Opposition groups want ElBaradei to form transitional government

Egyptian protesters have responded defiantly to a new wave of intimidation adopted by the Hosni Mubarak government, by mobilising in their thousands on Sunday at Cairo's Tahrir Square, and other parts of the country, including Alexandria and Suez.

By appointing a new Cabinet of established hardliners, including Ahmed Shafiq a former air force chief, and Omar Suleiman, the long serving intelligence head as Vice-President, Mr. Mubarak, the Egyptian President, on Saturday conveyed to the protesters that he was in no mood to relent.

But cracks in the establishment appeared to be widening on Sunday as local media is reporting that Mohamed Tantawi, Minister of Defence, has joined protesters at Tahrir Square. Mr. Tantawi is also Commander-in-Chief of the Egyptian Armed Forces. Hundreds of judges had earlier linked up with protesters at Tahrir Square in seeking Mr. Mubarak's resignation.

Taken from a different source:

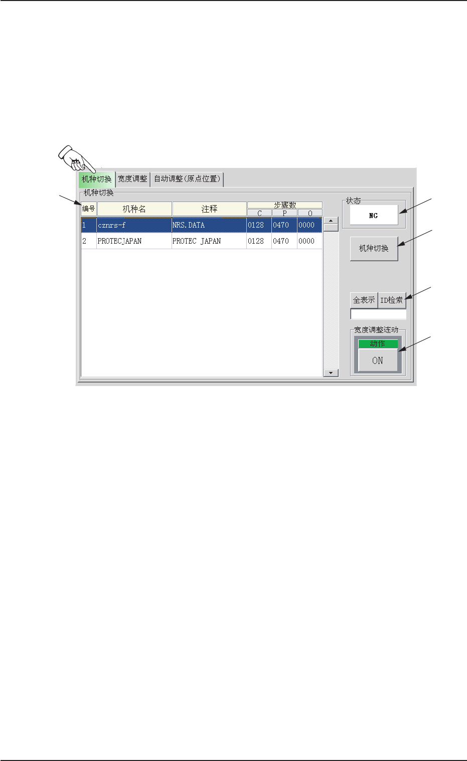 7. 7. 7. 7. 7. “ 机种切换 机种切换 机种切换 机种切换 机种切换 ” 子菜单 子菜单 子菜单 子菜单 子菜单 • 界面显示 界面显示 界面显示 界面显示 界面显示 按下自动运行子菜单栏的 [ 机种切换 ] 按钮时,将显示如下子菜单 界面。 Fig.2E59 Fig.2E59 Fig.2E59 Fig.2E59 Fig.2E59 “ 机种切换 机种切换 机种切换 机种切换 机种切换 ” 子菜单界面 子菜单界面 子菜单界面…

Later on Sunday, national opposition groups have proposed that reformist leader Mohamed ElBaradei form a transitional government, a statement issued by the Democratic Front Party said.

The statement added that after Mr. Mubarak's imminent departure, Mr. ElBaradei should head efforts to negotiate the next steps, such as devising an economic and social reforms policy, release of all detainees, and the lifting the 30-year emergency.

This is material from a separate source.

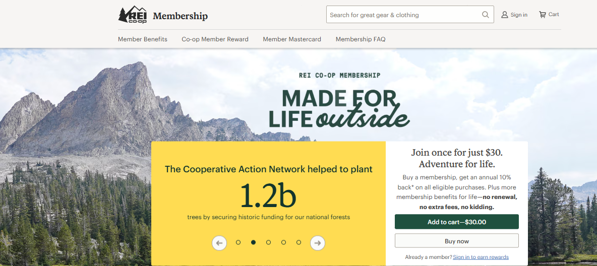 La membresía de REI Co-op cuesta 30 dólares por única vez programa de suscripción que convierte a los clientes en miembros vitalicios de una comunidad centrada en la aventura al aire libre.

In efforts to unnerve the protesters, two F16s fighter jets nosily swooped low over Tahrir Square, but the people assembled did not disperse.

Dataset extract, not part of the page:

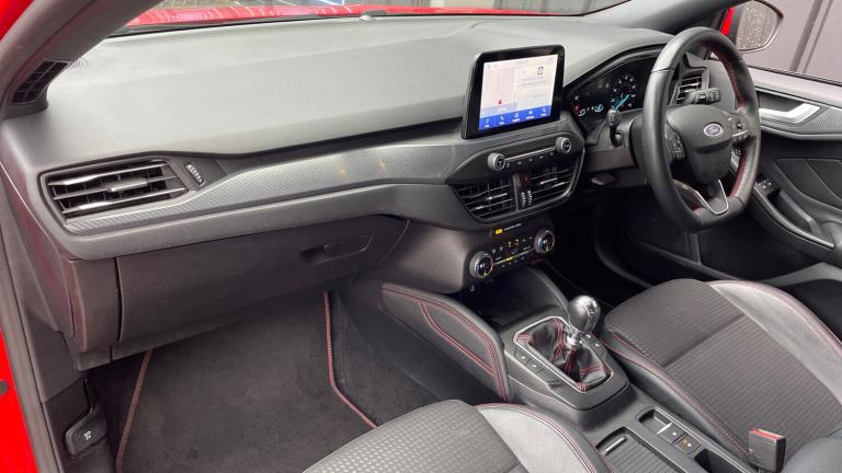 A stunning Focus ST-Line X finished in Race Red, with reverse camera, heated seats, wireless charging pad and more. Never lose your way again with the inbuilt Sat Nav, plus this Focus is fitted with Sports Suspension, Keyless Start, Front Heated Seats, Heated Steering Wheel, Cruise Control, Automatic Headlights, Rain Sensing Wipers, Park Assist including Front and Rear Parking Sensors with Rear Camera, Wireless Charging Pad, Ford SYNC3 Bluetooth, One-Touch Electric Windows, a Heated Windscreen and a DAB Radio with USB in. Qualifies for Warranty4Life*.

Meanwhile, organised looting, targeting residential colonies and repositories of Egyptian antiquity, has been violently unleashed among the ordinary citizenry. The Egyptian daily Al Masry Al Youm quoted opposition leader Ayman Nour, of the Ghad Party, as saying that his fellow party members had caught some of the hooligans, bearing Interior Ministry Identity cards on them.

The Egyptian Museum in Cairo's city centre was vandalised on Friday night by nine convicts. The prisoners tried to steal two mummies, but left them behind when they broke into pieces.”

The regime is trying to project the worst image possible to make it clear to the people that they have only one of two alternatives: the existing order or chaos,” Mr. Nour said.

Analysts say that support to lumpens is a well established tactic to divide the working poor and its supporters in the middle classes and the intelligentsia during an uprising.